[Records supplied Boundary: Start]

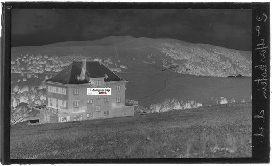 Plaque verre photo, négatif noir & blanc 9x14 cm, Le Markstein, Hôtel Bellevue
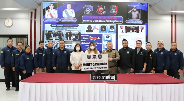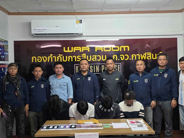 วันที่ 26 มีนาคม 2569 ที่ห้องประชุมชัยสุนทร ตำรวจภูธร จ.กาฬสินธุ์ พล.ต.ต.ทรงพล บริบาลประสิทธิ์ ผบก.ภ.จว.กาฬสินธุ์ พ.ต.อ.ขจรฤทธิ์ วงศ์ราช รองผบก.ภ.จว.กาฬสินธุ์ พ.ต.อ.นพวิทย์ ดิษฐาธนาธรสิริ ผกก.สืบสวน ภ.จว.กาฬสินธุ์ พร้อมด้วยชุดสืบสวน ภ.จว.กาฬสินธุ์ และชุดสืบสวนสภ.เมืองกาฬสินธุ์ร่วมกันแถลงผลการทลายแก๊งตะเวนถอนเงินสด หรือ “ม้ากดเงิน” เครือข่ายลูกสมุนแก๊งสแกมเมอร์จีนเทา พร้อมนำเงินที่จำนวน 297,270 บาท ส่งคืนให้กับน.ส.ชญาดา โกกะนุทรานนท์ อายุ 21 ปี ชาวกรุงเทพฯ ผู้เสียหายที่ถูกแก๊งดังกล่าวหลอกให้โอนเงิน หลังจากเจ้าหน้าที่ชุดสืบสวนจับกุมผู้ต้องหา 4 ราย และขยายผลจนสามารถติดตามเงินคืนผู้เสียหายได้สำเร็จ
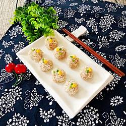 5.After serving, put some green onion and corn on each pearl meatball for decoration.The finished product picture is as follows.
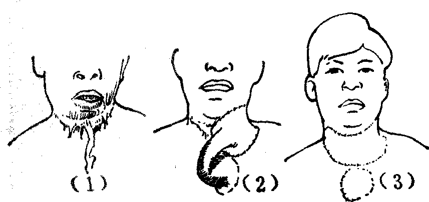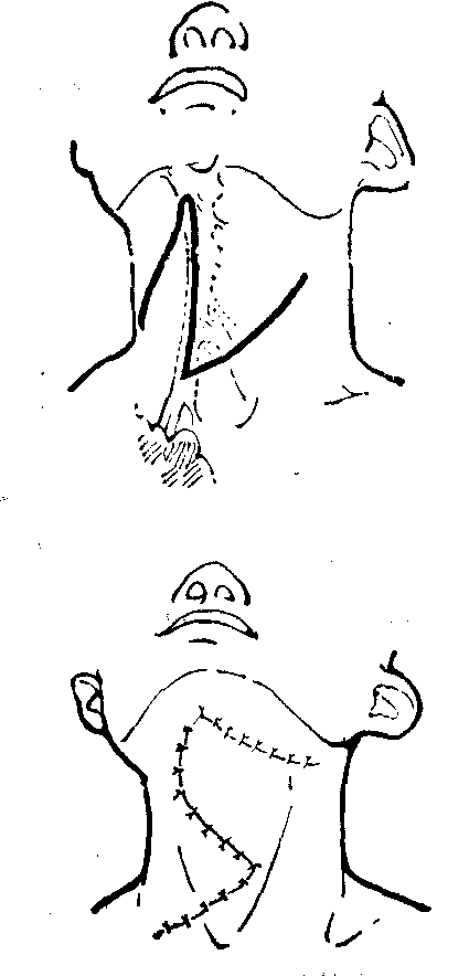 图1 颈部重度瘢痕挛缩所致颏胸粘连 (3)中度: 介于轻度与重度之间的程度不等的挛缩。常由颈部的增生瘢痕所致,瘢痕面积较大,但仍限于颈部。颏部多亦受波及,形成较颏胸粘连为轻的颏颈粘连,致颏颈角消失。仰头时可能出现下唇轻度外翻,和瘢痕对口角、鼻翼、耳垂、下睑等的轻微牵扯,但低头时即均基本恢复常态。头部后仰和转动较受限制。 手术治疗应俟瘢痕稳定已趋软化基底松动后施行。术前准备,应加强口腔卫生保洁,瘢痕表面如有溃疡,也须给予适当处置。 手术要点是: ❶保证手术过程中呼吸道的畅通; ❷彻底松解挛缩; ❸妥善修复创面。 为保证呼吸道畅通无阻,应在经鼻清醒气管内插管麻醉下进行手术。否则,在麻醉诱导过程中,一旦发生喉痉挛或呼吸道梗阻时,因受体位限制,气管切开术或其他紧急抢救措施均难施行。如在术中发生,则临时再行气管内插管,操作不便,且不免招致创口污染。故严重挛缩,虽然头部不能后仰,多只能采用盲插法,难度较大,但亦必须进行。经口插管,在张口状态下不利于挛缩的彻底松解,应经鼻插入。如插管经反复试探确有困难时,可考虑在局部浸润麻醉下,先在颈部挛缩的最紧张部位作一条或几条横向切口,以使头部后仰,降低插管的难度。静脉麻醉法有防止术后呕吐污染创口,以及复苏快等优点,最宜于采用。 为便于彻底松解挛缩,术时应将两肩垫高,以便随挛缩的松解头部有得以充分后仰的余地。挛缩的松解必须彻底,颈阔肌较浅、多亦因烧伤而发生挛缩,也须切除。如为轻、中度挛缩,可将瘢痕完全切除,其与胸腋颌面瘢痕相连的重度挛缩,则切除范围多以能达到充分的松解为限,位在颈侧的创缘应切成锯齿状。术中能否显露出正常深度的颏颈角,可作为检查松解是否彻底的可靠标志。 修复创面应根据创面大小,邻近及周身供皮条件等选择皮片、皮瓣或皮管移植法。 中厚或全厚皮片移植术最常采用,如为包括颌面和胸腋部的重度挛缩,则常是惟一可行的方法。术时应将所植皮片围绕甲状软骨四周行绷线缝合,以保持较好的固定,避免因吞咽活动妨碍该部皮片存活。皮片法的优点是操作简便易行。缺点是因在日常生活和工作中,头部多处于俯首位,因而助长了皮片存活后的皱缩。故术后必须及时采取有力防范措施,以维护稳定的疗效。 皮瓣移植术的皮瓣,多取自颈部及其邻接的前上胸壁。该部皮肤富于弹性,伸展性强,皮下组织较薄,松动,血运好,适于施行局部皮瓣手术。如为轻度的蹼状瘢痕挛缩,宜采用单一或连串Z成形术(图2)。如为轻、中度挛缩,应将颈部残留的正常皮肤,或前上胸壁的皮肤充分加以利用,形成局部皮瓣,旋转推进移转后,用以修复全部创面,或一部分创面,重点是甲状软骨前方部位的创面,其不足部分以皮片移植补充。局部皮瓣的供皮区偶可于行广泛的皮下潜行剥离后缝合,多需移植皮片(图3 )。此法操作虽较单纯皮片移植修复复杂,但术后皮肤色泽好,厚度适宜,外形佳,疗效稳定。此外,还有游离皮瓣法,可以不受局部供皮条件的限制。但应注意选择皮下脂肪层较薄的供皮部位,以免外形臃肿,致使颏颈角不甚显著。
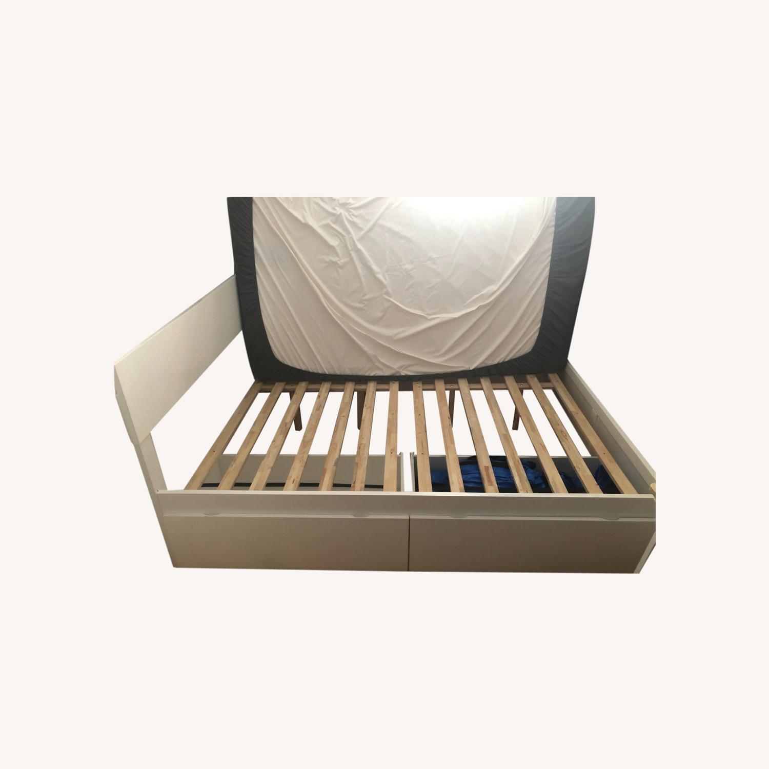 Seller's Notes:Sleek and simple platform bed with two spacious drawers that can be placed on either side of the bed. Great for small spaces. Supported by fourteen hardwood slats, no foundation or box springs required. Made from solid rubberwood. Some very minor paint scratches like the one pictured. From the Wayfair website: Clear clutter from your bedroom without sacrificing extra square footage with this space-saving storage platform bed, featuring two under-bed drawers to tuck away spare sheets and blankets. Made from solid rubberwood, this piece is complete with a system of slats to prop up your preferred mattress without the help of a box spring. Clean-lined paneling on the footboard gives this design a contemporary feel, while a non-toxic neutral finish ensures it’s versatile enough to blend with any color palette you pick.
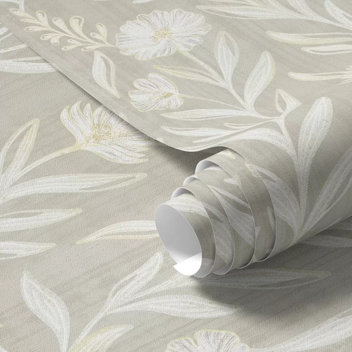 Papel tapiz Hierbas y flores claras sobre fondo beige, líneas esquemáticas Nr. a00618
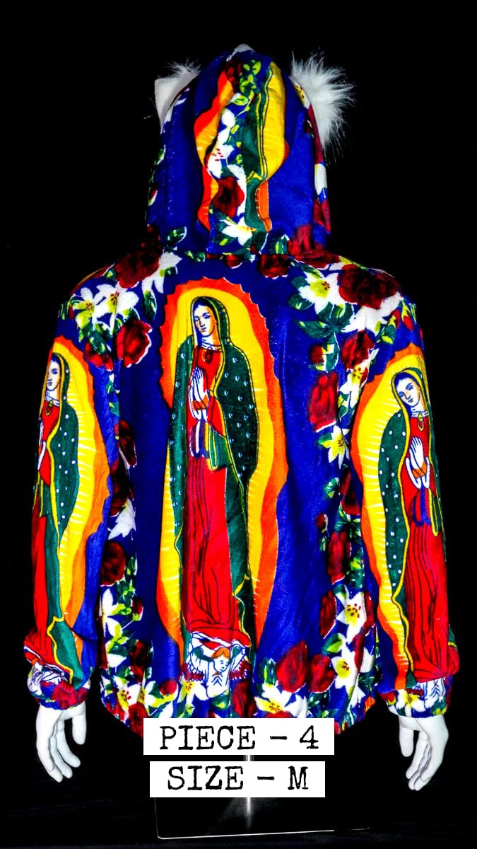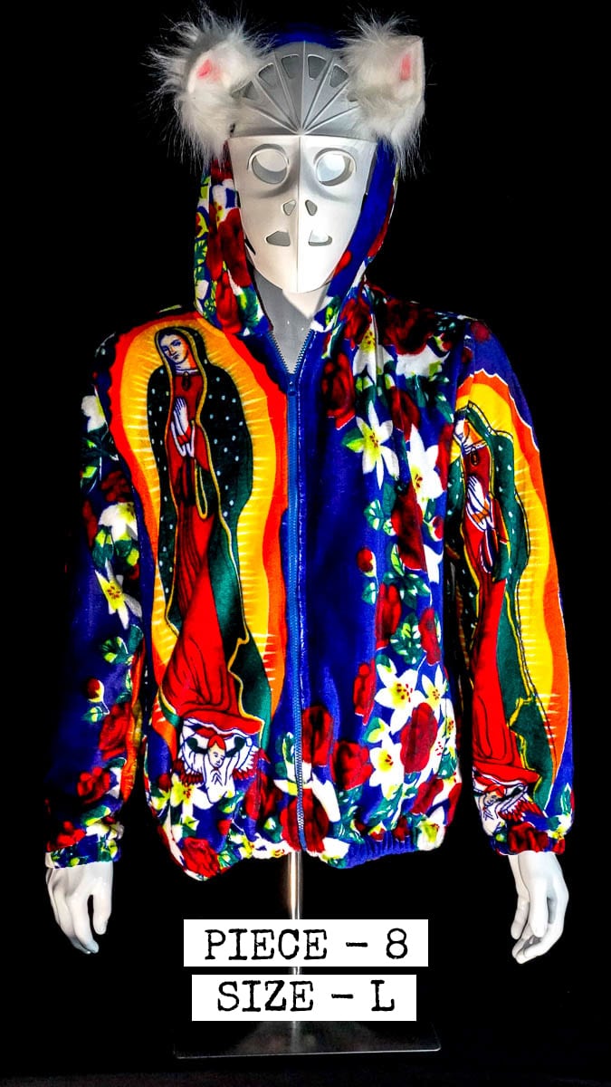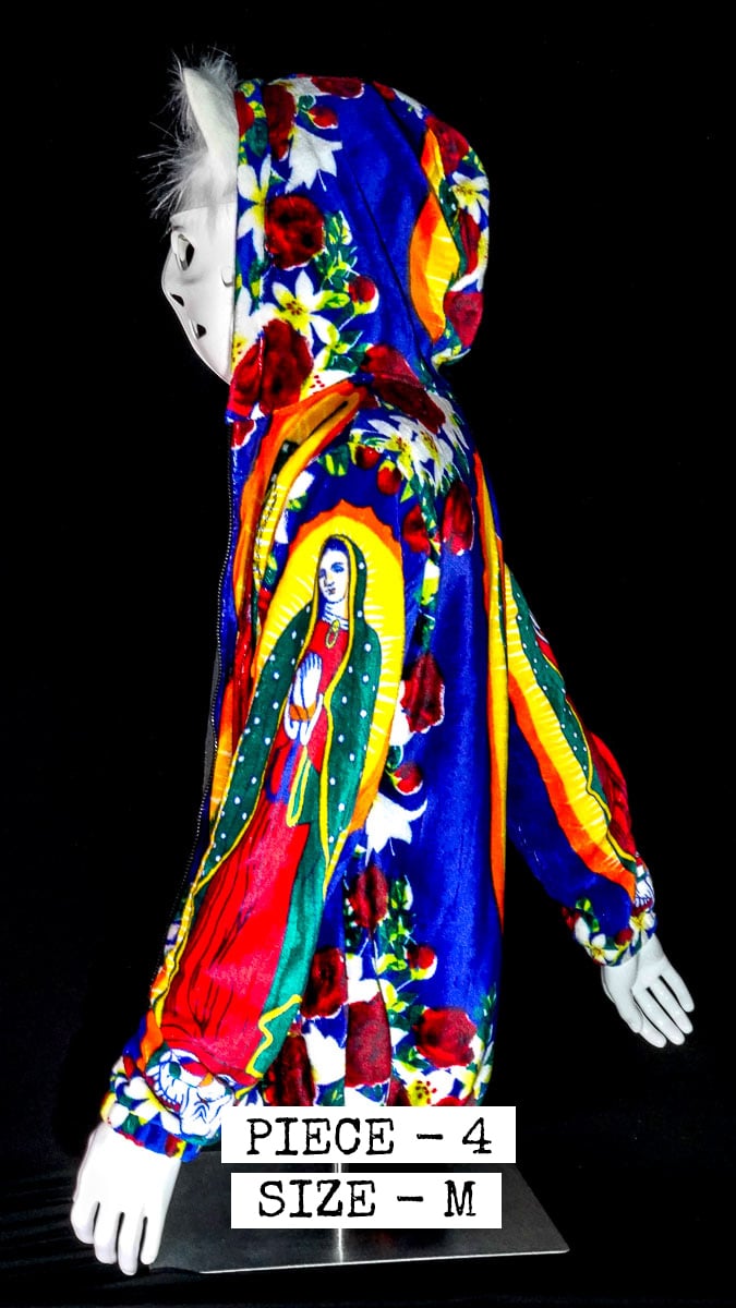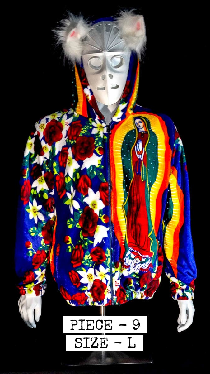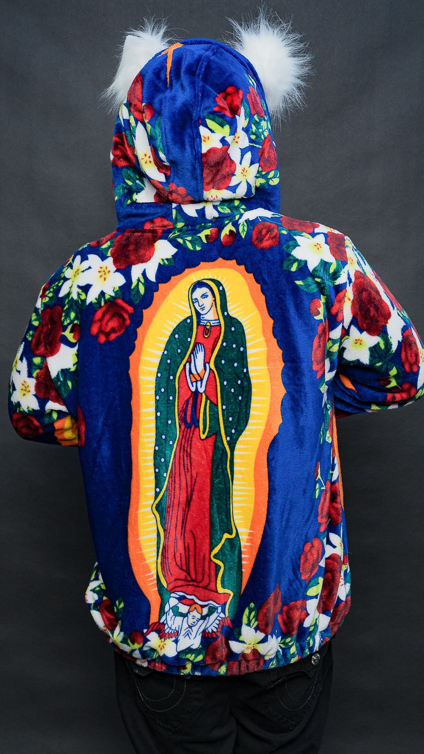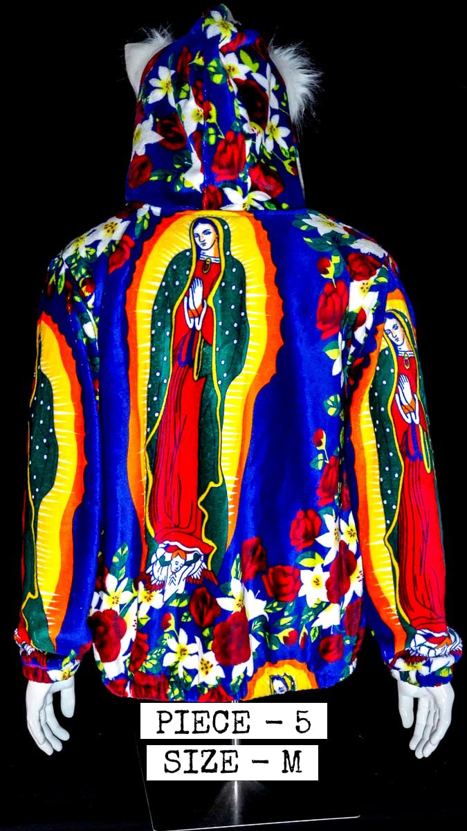 The Maria is a RAW-class statement jacket built around repetition and presence. Featuring the Virgin of Guadalupe across the front, back, and sleeves, with roses, white florals, and cherubs throughout, it’s lightweight, unlined, and unapologetically vivid.
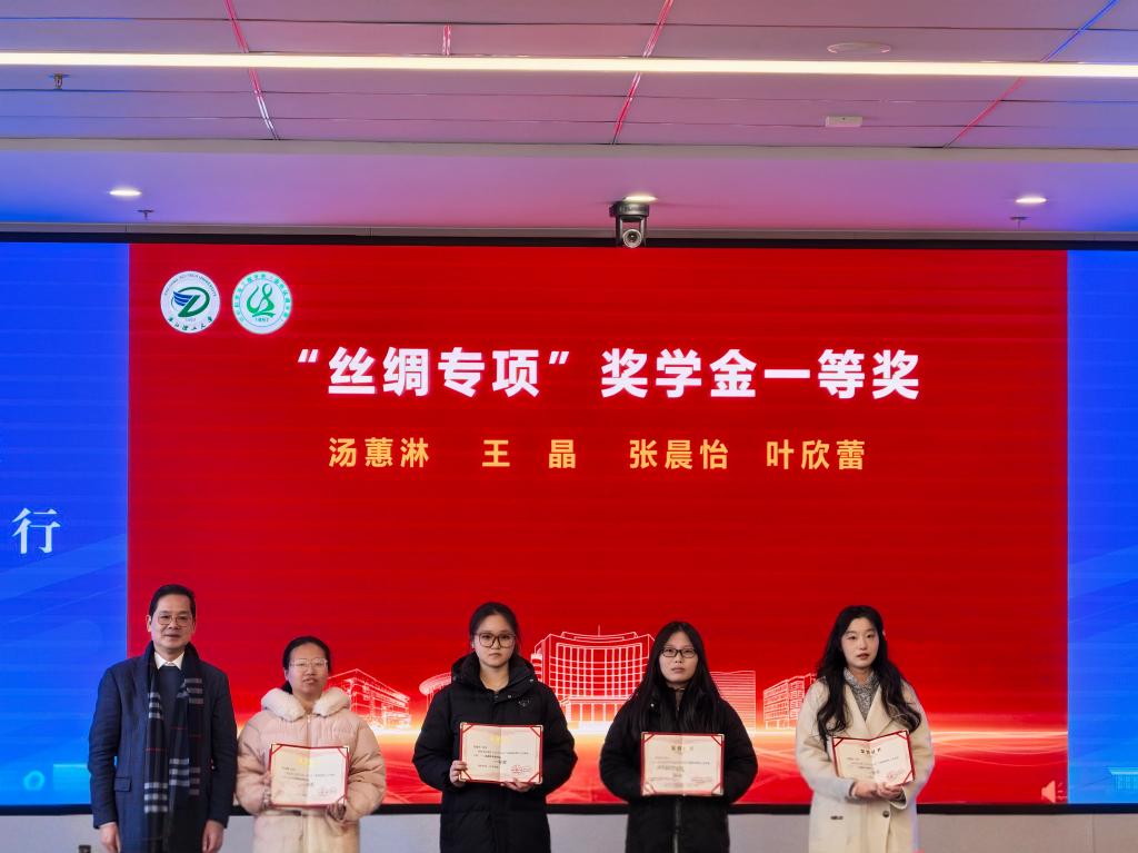 2021级纺织科学与工程博士研究生陆爽怿和2022级丝绸设计与工程本科生张晨怡分别代表奖学金获得者做发言。他们表示,荣获本次奖学金,不仅是对个人在学习上努力和成果的肯定,更是对全体获奖员工的一种激励和鼓舞。他们将珍惜这份荣誉,继续深耕丝绸领域,不断探索和创新,为丝绸文化的传承与发展贡献自己的力量。
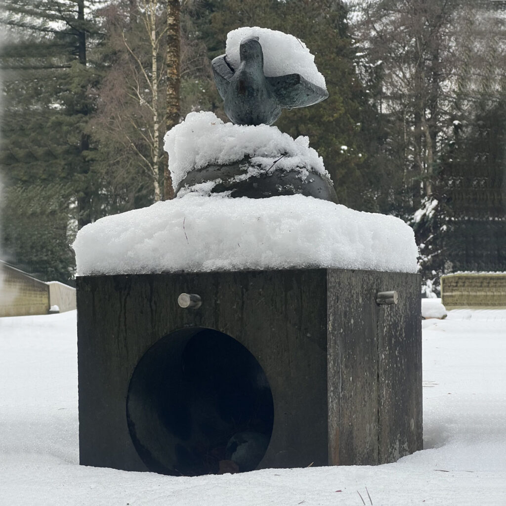 De vogel heb ik eerst in klei vormgegeven, daarvan een mal gemaakt, waarna ik vier exemplaren in brons heb laten gieten. Eén exemplaar staat op het graf van mijn moeder, één exemplaar bij elk van mijn drie dochters, haar kleinkinderen.

[Records supplied Boundary: End]

— Problem to solve —
Retype each entry above character for character; pictures stay out.

— Exercise answer —
 Plaque verre photo, négatif noir & blanc 9x14 cm, Le Markstein, Hôtel Bellevue
 วันที่ 26 มีนาคม 2569 ที่ห้องประชุมชัยสุนทร ตำรวจภูธร จ.กาฬสินธุ์ พล.ต.ต.ทรงพล บริบาลประสิทธิ์ ผบก.ภ.จว.กาฬสินธุ์ พ.ต.อ.ขจรฤทธิ์ วงศ์ราช รองผบก.ภ.จว.กาฬสินธุ์ พ.ต.อ.นพวิทย์ ดิษฐาธนาธรสิริ ผกก.สืบสวน ภ.จว.กาฬสินธุ์ พร้อมด้วยชุดสืบสวน ภ.จว.กาฬสินธุ์ และชุดสืบสวนสภ.เมืองกาฬสินธุ์ร่วมกันแถลงผลการทลายแก๊งตะเวนถอนเงินสด หรือ “ม้ากดเงิน” เครือข่ายลูกสมุนแก๊งสแกมเมอร์จีนเทา พร้อมนำเงินที่จำนวน 297,270 บาท ส่งคืนให้กับน.ส.ชญาดา โกกะนุทรานนท์ อายุ 21 ปี ชาวกรุงเทพฯ ผู้เสียหายที่ถูกแก๊งดังกล่าวหลอกให้โอนเงิน หลังจากเจ้าหน้าที่ชุดสืบสวนจับกุมผู้ต้องหา 4 ราย และขยายผลจนสามารถติดตามเงินคืนผู้เสียหายได้สำเร็จ
 5.After serving, put some green onion and corn on each pearl meatball for decoration.The finished product picture is as follows.
 图1 颈部重度瘢痕挛缩所致颏胸粘连 (3)中度: 介于轻度与重度之间的程度不等的挛缩。常由颈部的增生瘢痕所致,瘢痕面积较大,但仍限于颈部。颏部多亦受波及,形成较颏胸粘连为轻的颏颈粘连,致颏颈角消失。仰头时可能出现下唇轻度外翻,和瘢痕对口角、鼻翼、耳垂、下睑等的轻微牵扯,但低头时即均基本恢复常态。头部后仰和转动较受限制。 手术治疗应俟瘢痕稳定已趋软化基底松动后施行。术前准备,应加强口腔卫生保洁,瘢痕表面如有溃疡,也须给予适当处置。 手术要点是: ❶保证手术过程中呼吸道的畅通; ❷彻底松解挛缩; ❸妥善修复创面。 为保证呼吸道畅通无阻,应在经鼻清醒气管内插管麻醉下进行手术。否则,在麻醉诱导过程中,一旦发生喉痉挛或呼吸道梗阻时,因受体位限制,气管切开术或其他紧急抢救措施均难施行。如在术中发生,则临时再行气管内插管,操作不便,且不免招致创口污染。故严重挛缩,虽然头部不能后仰,多只能采用盲插法,难度较大,但亦必须进行。经口插管,在张口状态下不利于挛缩的彻底松解,应经鼻插入。如插管经反复试探确有困难时,可考虑在局部浸润麻醉下,先在颈部挛缩的最紧张部位作一条或几条横向切口,以使头部后仰,降低插管的难度。静脉麻醉法有防止术后呕吐污染创口,以及复苏快等优点,最宜于采用。 为便于彻底松解挛缩,术时应将两肩垫高,以便随挛缩的松解头部有得以充分后仰的余地。挛缩的松解必须彻底,颈阔肌较浅、多亦因烧伤而发生挛缩,也须切除。如为轻、中度挛缩,可将瘢痕完全切除,其与胸腋颌面瘢痕相连的重度挛缩,则切除范围多以能达到充分的松解为限,位在颈侧的创缘应切成锯齿状。术中能否显露出正常深度的颏颈角,可作为检查松解是否彻底的可靠标志。 修复创面应根据创面大小,邻近及周身供皮条件等选择皮片、皮瓣或皮管移植法。 中厚或全厚皮片移植术最常采用,如为包括颌面和胸腋部的重度挛缩,则常是惟一可行的方法。术时应将所植皮片围绕甲状软骨四周行绷线缝合,以保持较好的固定,避免因吞咽活动妨碍该部皮片存活。皮片法的优点是操作简便易行。缺点是因在日常生活和工作中,头部多处于俯首位,因而助长了皮片存活后的皱缩。故术后必须及时采取有力防范措施,以维护稳定的疗效。 皮瓣移植术的皮瓣,多取自颈部及其邻接的前上胸壁。该部皮肤富于弹性,伸展性强,皮下组织较薄,松动,血运好,适于施行局部皮瓣手术。如为轻度的蹼状瘢痕挛缩,宜采用单一或连串Z成形术(图2)。如为轻、中度挛缩,应将颈部残留的正常皮肤,或前上胸壁的皮肤充分加以利用,形成局部皮瓣,旋转推进移转后,用以修复全部创面,或一部分创面,重点是甲状软骨前方部位的创面,其不足部分以皮片移植补充。局部皮瓣的供皮区偶可于行广泛的皮下潜行剥离后缝合,多需移植皮片(图3 )。此法操作虽较单纯皮片移植修复复杂,但术后皮肤色泽好,厚度适宜,外形佳,疗效稳定。此外,还有游离皮瓣法,可以不受局部供皮条件的限制。但应注意选择皮下脂肪层较薄的供皮部位,以免外形臃肿,致使颏颈角不甚显著。
 Seller's Notes:Sleek and simple platform bed with two spacious drawers that can be placed on either side of the bed. Great for small spaces. Supported by fourteen hardwood slats, no foundation or box springs required. Made from solid rubberwood. Some very minor paint scratches like the one pictured. From the Wayfair website: Clear clutter from your bedroom without sacrificing extra square footage with this space-saving storage platform bed, featuring two under-bed drawers to tuck away spare sheets and blankets. Made from solid rubberwood, this piece is complete with a system of slats to prop up your preferred mattress without the help of a box spring. Clean-lined paneling on the footboard gives this design a contemporary feel, while a non-toxic neutral finish ensures it’s versatile enough to blend with any color palette you pick.
 Papel tapiz Hierbas y flores claras sobre fondo beige, líneas esquemáticas Nr. a00618
 The Maria is a RAW-class statement jacket built around repetition and presence. Featuring the Virgin of Guadalupe across the front, back, and sleeves, with roses, white florals, and cherubs throughout, it’s lightweight, unlined, and unapologetically vivid.
 2021级纺织科学与工程博士研究生陆爽怿和2022级丝绸设计与工程本科生张晨怡分别代表奖学金获得者做发言。他们表示,荣获本次奖学金,不仅是对个人在学习上努力和成果的肯定,更是对全体获奖员工的一种激励和鼓舞。他们将珍惜这份荣誉,继续深耕丝绸领域,不断探索和创新,为丝绸文化的传承与发展贡献自己的力量。
 De vogel heb ik eerst in klei vormgegeven, daarvan een mal gemaakt, waarna ik vier exemplaren in brons heb laten gieten. Eén exemplaar staat op het graf van mijn moeder, één exemplaar bij elk van mijn drie dochters, haar kleinkinderen.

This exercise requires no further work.